Beta particles are about 7000 times smaller than alpha particles. Their small size and mass allow them to travel further and faster (close to the speed of light) and can, therefore, penetrate clothing and skin. Beta particles typically travel several dozen centimeters in the air. Their range in tissue is longer than alpha particles (0.8-5 mm).
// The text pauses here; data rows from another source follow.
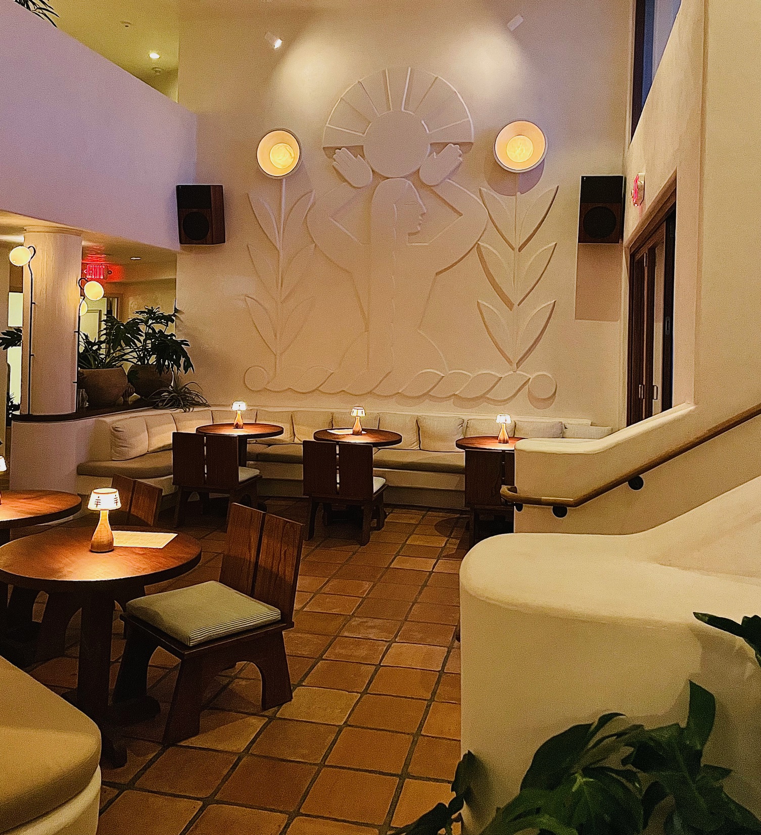Beachside sand, terracotta clay, and seaside green color tones offer a soothing sanctuary during the day for guests to sip coffee while working on their laptop. Later in the day, guests approach the small bar top to order a craft cocktail, glass of wine or beer to enjoy with a cheese or charcuterie board.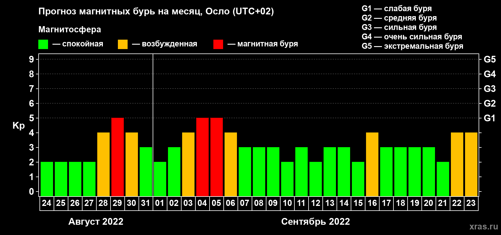 Прогноз магнитных бурь Осло на 24 августа 2022 года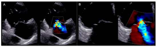 The first step is represented by the introduction and advancement of the delivery system into the right atrium (RA), guided by the bicaval view with biplane imaging [51]. For the PASCAL system, it is important, after checking the delivery system tip position (1–2 cm into the RA from inferior vena cava), to monitor the safe introduction of the elongated device, avoiding trauma to the surrounding structures and to image implant closure and shortening, necessary to reduce the risk of injuries [26]. ME and DE RV inflow/outflow (TV “commissural” views) direct the delivery system toward the TV, carefully avoiding interatrial septum perforation, and guide the preliminary device position using color Doppler. TG short-axis view using color Doppler and 3D en face views are important to confirm implant and arms orientation and rotation along the commissure line and advance into the RV with continuous rotation monitoring [52]. The clasping phase (capture of leaflets) is mainly supported by the commissural view with biplane imaging (Figure 10), slightly adjusting the secondary plane toward the aorta in case of anteroseptal grasping or away from the aorta in case of posteroseptal grasping [51]. Furthermore, 3D imaging and multiplanar reconstructions can be used for the confirmation of adequate leaflets insertion [26,52]. When adequate tissue bridge, leaflets insertion, and implant position are defined, three assessments have to be checked before the device release through 2D and 3D commissural and TG views: residual TR severity (by color Doppler and by 3D color Doppler planimetry of the vena contracta), residual TV orifice area, and gradient (≤3 mmHg acceptable) and hemodynamic benefit through hepatic venous inflow. In this phase, prior to release, any repositioning can be performed. The same parameters have to be checked in post-release assessment. At this point, the possible need for a second implant in the same intervention must be assessed [26,51].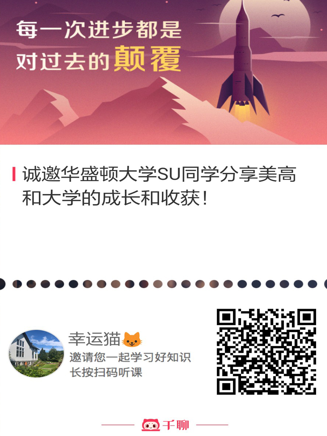 大家好!一周一次的千聊活动又要和大家见面啦!此次的千聊直播我们诚邀华盛顿大学SU同学为大家分享美高和大学的成长经历和收获!SU同学将从各方面为我们做分享,同时还会为大家解答疑惑!干货满满,有时间的家长一定要记得收听哦~锁定周日(5月17日晚上21:00分)千聊直播!感兴趣的家长赶紧加入我们吧,相信您听完之后一定受益匪浅~千万不要错过哦~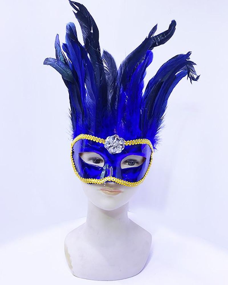 Mavi Renk Ekstra Bol Kuş Tüylü Venedik Maskesi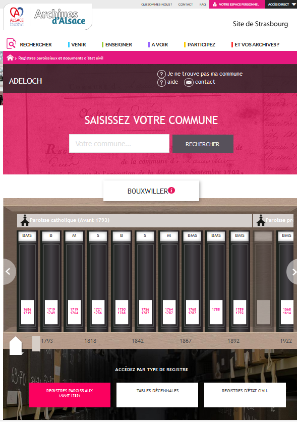 Beispiel: Archiv Straßbourg als eine von vielen weiteren Recherchemöglichkeiten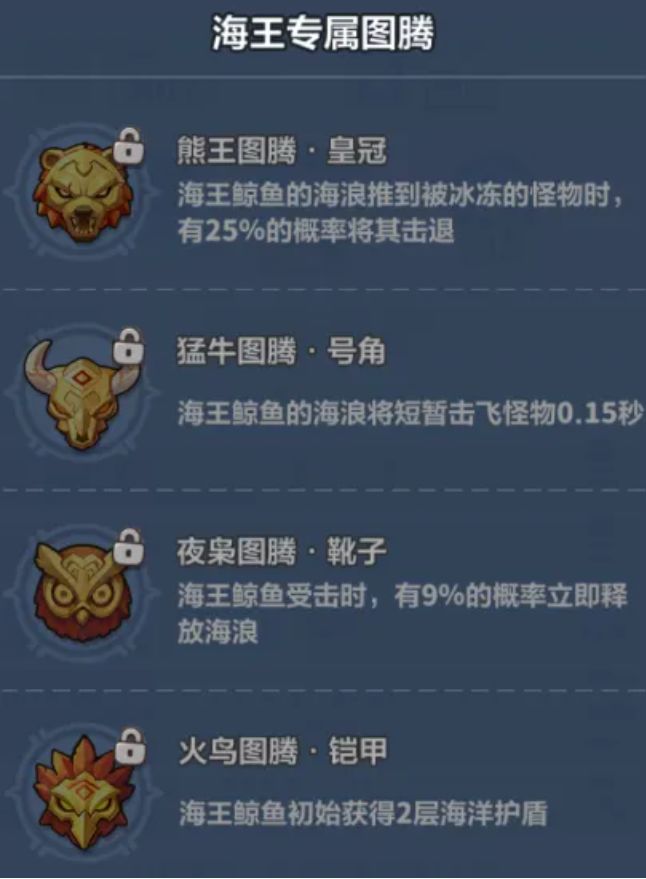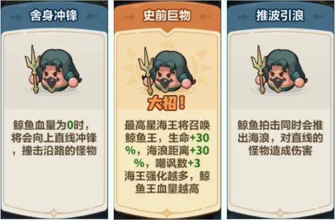 【史前巨物(大招)】:最高星海王将召唤鲸鱼王,鲸鱼王生命值+30%,海浪距离+30%,嘲讽数+3。海王强化越多,鲸鱼王血量越高。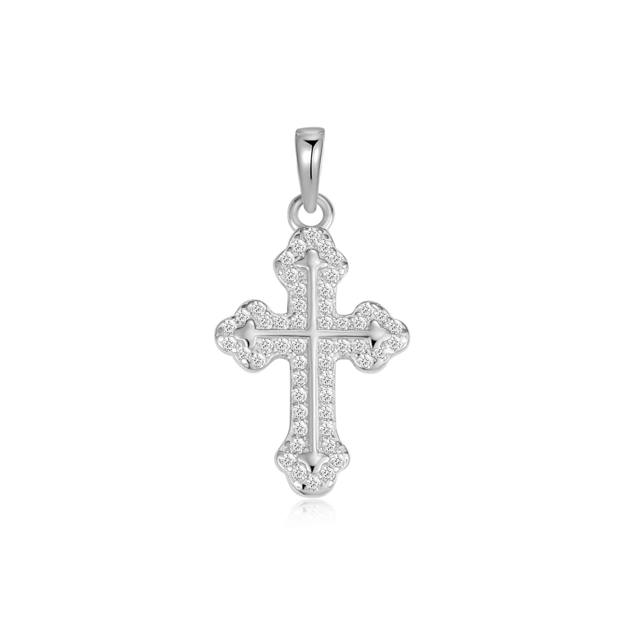 Sølv vedhæng rhodineret kors med syntetiske cubic zirconia.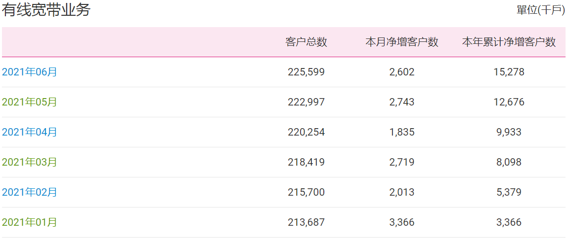 另外,6月有線寬帶業(yè)務凈增260.2萬戶,客戶總數(shù)累計2.25599億。
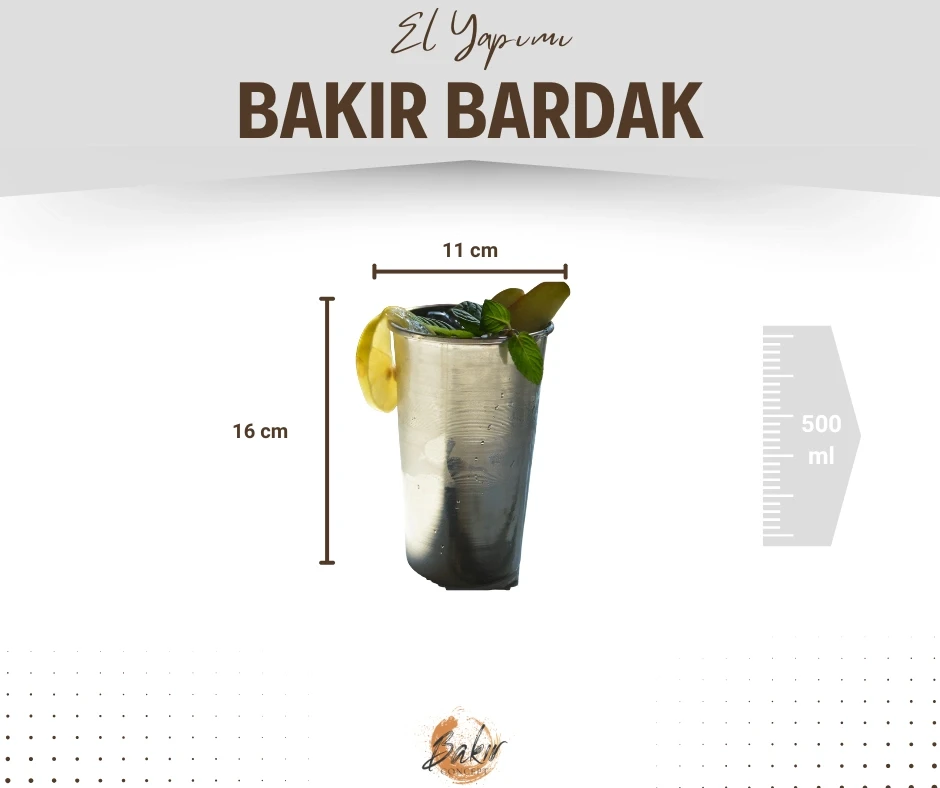 Her bir bakır bardak, usta zanaatkarlar tarafından özenle işlenmiştir fakat tamamen el işçiliği olduğu için ufak değişiklikler ve düzensizlikler olabilir. Desenlerde değişiklik olabilir. El işçiliği ürünler için ufak hatalar olağan sayılmaktadır.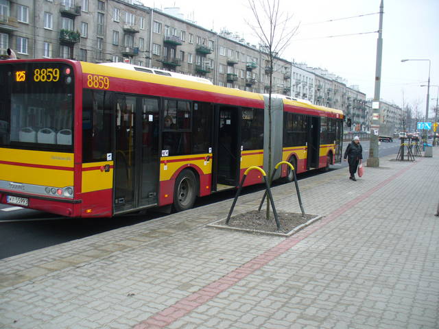 Międzyborska 01 - nowo wybudowany przystanek, przeniesiony po modernizacji skrzyżowania. Mimo świadomości przeznaczenia tego miejsca, w obrębie przystanku wykonano dwie misy i nasadzono drzewa, pozostawiając zbyt wąskie przejście od strony autobusu. Nie ma mowy o wyjechaniu wózkiem po rampie, jeśli na wprost zatrzymają się drzwi autobusu (wobec mnogości typów i modeli oraz kolizji ze słupami jest to więcej niż prawdopodobne). [zobacz >>>] W miejscu, gdzie poprzednio znajdował się ten przystanek, nie było na całej jego długości żadnych drzew, więc te dwa widoczne na fotografii można było nasadzić właśnie tam.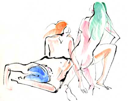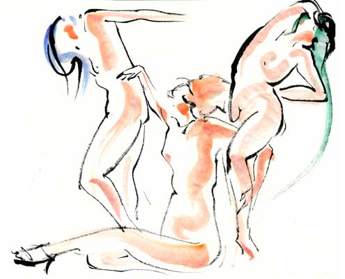 最後は3人よる群像スケッチです。 3人が三様にポーズを決めて 物語を作ります。 最後はバーカウンターに昇り 天井に背中をつけてのポーズ。 これらのポーズ、ひとつ3分で行われました。 色は後でつけた物です。 最後までご覧頂き、ありがとうございました。 また機会がありましたら描いてみたいと思います。 会場 非常口(BAR) 主催 JOさんサイト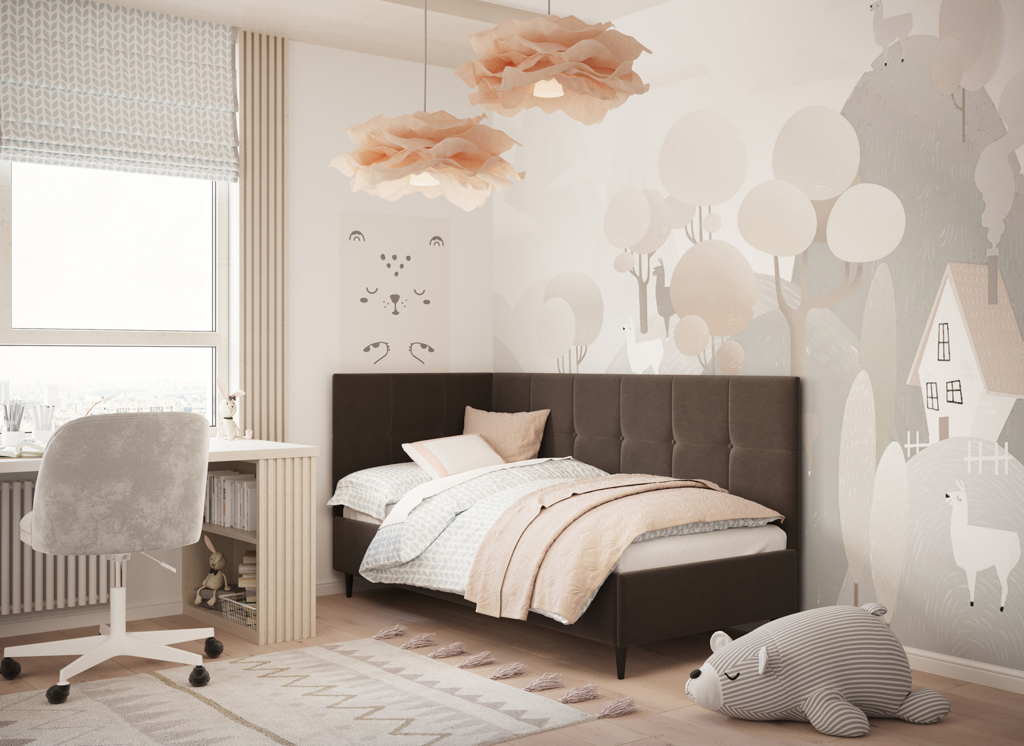 MOON FAMILY 1261 объединяет функциональность и стиль, создавая гармоничное пространство для отдыха и творчества. Кровать доступна в левостороннем и правостороннем исполнении, что позволяет легко адаптировать ее под любые интерьерные особенности.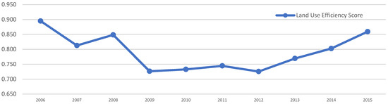 The overall (average) land use efficiency score trend for the total of studied cities in Shanxi Province from 2006–2015.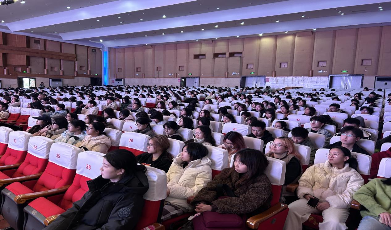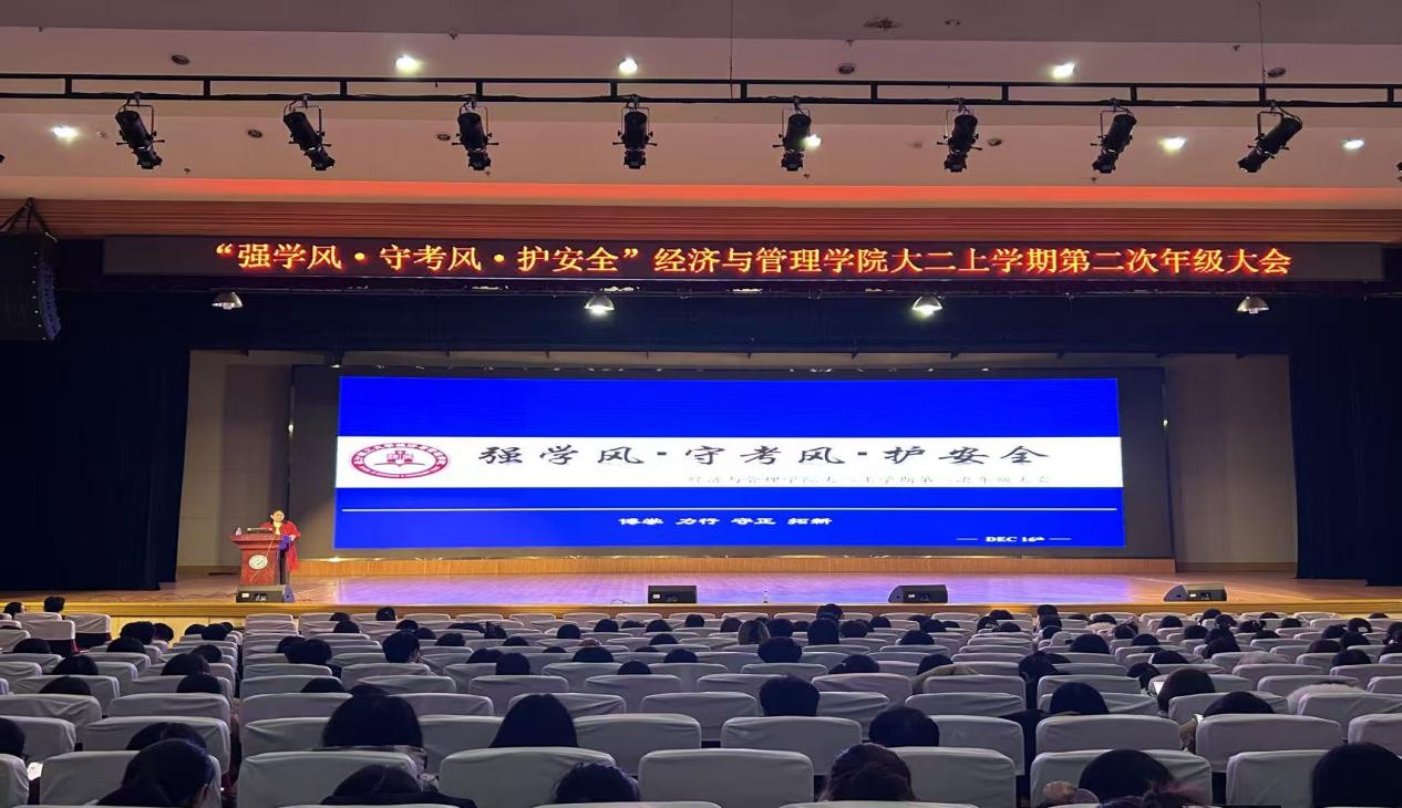 2025年12月16日下午,经济与理管学院在金盆岭校区五教大礼堂召开“强学风、守考风、护安全”2024级年级大会。本次大会由年级辅导员何艳芝主持,学院党委副书记汪功伟、辅导员钟超和全体2024级学生参加。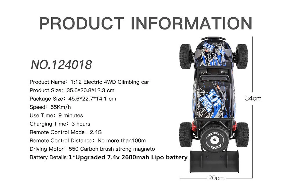 Бренд: WltoysНомер товара: 124018Масштаб: 1/12Цвет: синийМаксимальная скорость: 60 км/ч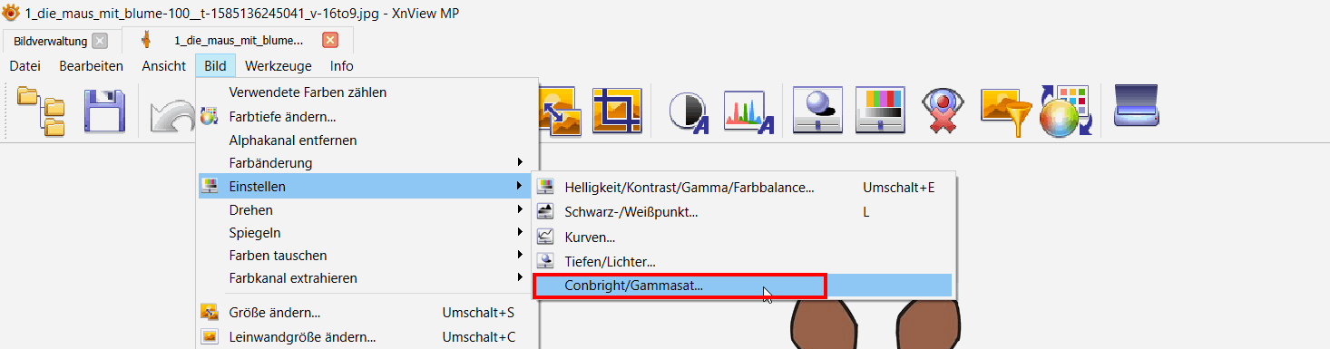 Effect: Browser mode/Image/Adjust/ "Conbright/Gammasat" (swedish?) instead of Contrast/Gamma

Their small size and mass allow them to travel further and faster (close to the speed of light) and can therefore penetrate clothing and skin. Beta particles typically travel several dozen centimeters in the air. Their range in tissue is longer than alpha particles (0.8-5 mm).

Effect on cell

Beta particles are lethal to cancer cells, though this effect is less destructive to the cell DNA than that of alpha particles, but more than that of gamma rays. Beta particles have a low LET and deposit less energy on targeted areas. Its long range compromises cell integrity, leading not only to the destruction of targeted cancerous cells but also to the killing of normal bystander cells potentially producing higher toxicity.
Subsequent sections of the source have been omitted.